> **Supplied material**
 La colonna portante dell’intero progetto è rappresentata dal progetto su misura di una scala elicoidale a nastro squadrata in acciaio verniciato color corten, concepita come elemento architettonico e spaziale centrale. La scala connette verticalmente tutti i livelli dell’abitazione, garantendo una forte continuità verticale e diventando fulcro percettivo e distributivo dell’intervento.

---

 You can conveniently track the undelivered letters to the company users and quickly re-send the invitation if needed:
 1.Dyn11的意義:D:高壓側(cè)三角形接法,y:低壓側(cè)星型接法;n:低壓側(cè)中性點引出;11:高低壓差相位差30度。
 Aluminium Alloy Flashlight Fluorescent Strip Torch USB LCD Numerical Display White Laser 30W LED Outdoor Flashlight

> **About this exercise**
Among the records above, only the lines between the line holding "1.Dyn11的意義:D:高" and the line holding "Aluminium Alloy Flashlight", inclusive, are to be output, exactly as written.

> **Response below**
 1.Dyn11的意義:D:高壓側(cè)三角形接法,y:低壓側(cè)星型接法;n:低壓側(cè)中性點引出;11:高低壓差相位差30度。
 Aluminium Alloy Flashlight Fluorescent Strip Torch USB LCD Numerical Display White Laser 30W LED Outdoor Flashlight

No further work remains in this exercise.